Work request >> Your output should be the lines from the one containing "وجرى بين الحتات" through the last line below, both ends included, exactly as written and free of pictures.

Raw data >>

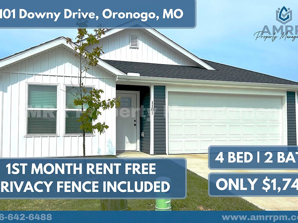 SPECIAL: 1st Month Free AND owner will install professional-grade wood privacy fence with an 18+ month lease! Welcome to your new home with AMRR Property Management, featuring 1,392 square feet of living space, 4 bedrooms, 2 baths, and a 2 car garage. This new construction home is located in a new development in Oronogo, Missouri, located in the Webb City school district and it has everything you need a rental. The kitchen features a stove, microwave, dishwasher, custom cabinets, a stainless steel fridge, and waterproof vinyl flooring that extends throughout the home, which means NO carpet whatsoever. The backyard includes a relaxing patio and a spacious grass backyard. Length of lease can be between 12 and 24 months. Utilities are ALWAYS the responsibility of the tenant, unless otherwise advertised. Tenants are responsible for all lawn care and maintenance during tenancy, unless otherwise advertised. Security deposits are required for most properties, but we offer various deposit amounts and payment options, which are determined during the application process. Application fees are generally $45 but few can waive the application fee if an application is filled out within 24 hours after you complete a scheduled showing with one of our leasing agents. Normally, only 2 pets are allowed per property and we charge a one-time pet fee of $250 per pet, with no breed restrictions or weight limits, unless otherwise advertised. No smoking of any kind is allowed inside the property or garage.
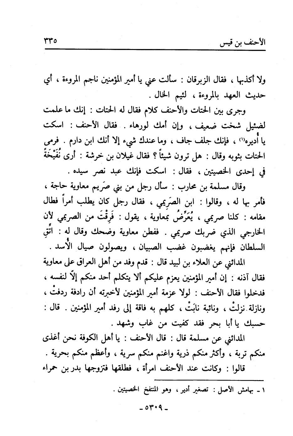 وجرى بين الحتات والأحنف كلام فقال له الحتات: إنك ما علمت لضئيل شخت ضعيف، وإن أمك لورهاء. فقال الأحنف: اسكت يا أُديره [1] ، فإنك جلف جاف، وما عندك شيء إلا أنك ابن دارم. فرمى الحتات بثوبه وقال: هَلْ ترون شيئًا؟ فقال غيلان بْن خرشة: أرى نُفَيْخَةً فِي إحدى الخصيتين، فقال: اسكت فإنك عَبْد نصر سيده.
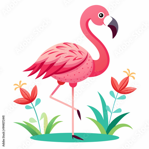 © Rizaldi, Fototapeta premium Pink Flamingo Standing on One Leg in Grass with Flowers

Your solution >>
 وجرى بين الحتات والأحنف كلام فقال له الحتات: إنك ما علمت لضئيل شخت ضعيف، وإن أمك لورهاء. فقال الأحنف: اسكت يا أُديره [1] ، فإنك جلف جاف، وما عندك شيء إلا أنك ابن دارم. فرمى الحتات بثوبه وقال: هَلْ ترون شيئًا؟ فقال غيلان بْن خرشة: أرى نُفَيْخَةً فِي إحدى الخصيتين، فقال: اسكت فإنك عَبْد نصر سيده.
 © Rizaldi, Fototapeta premium Pink Flamingo Standing on One Leg in Grass with Flowers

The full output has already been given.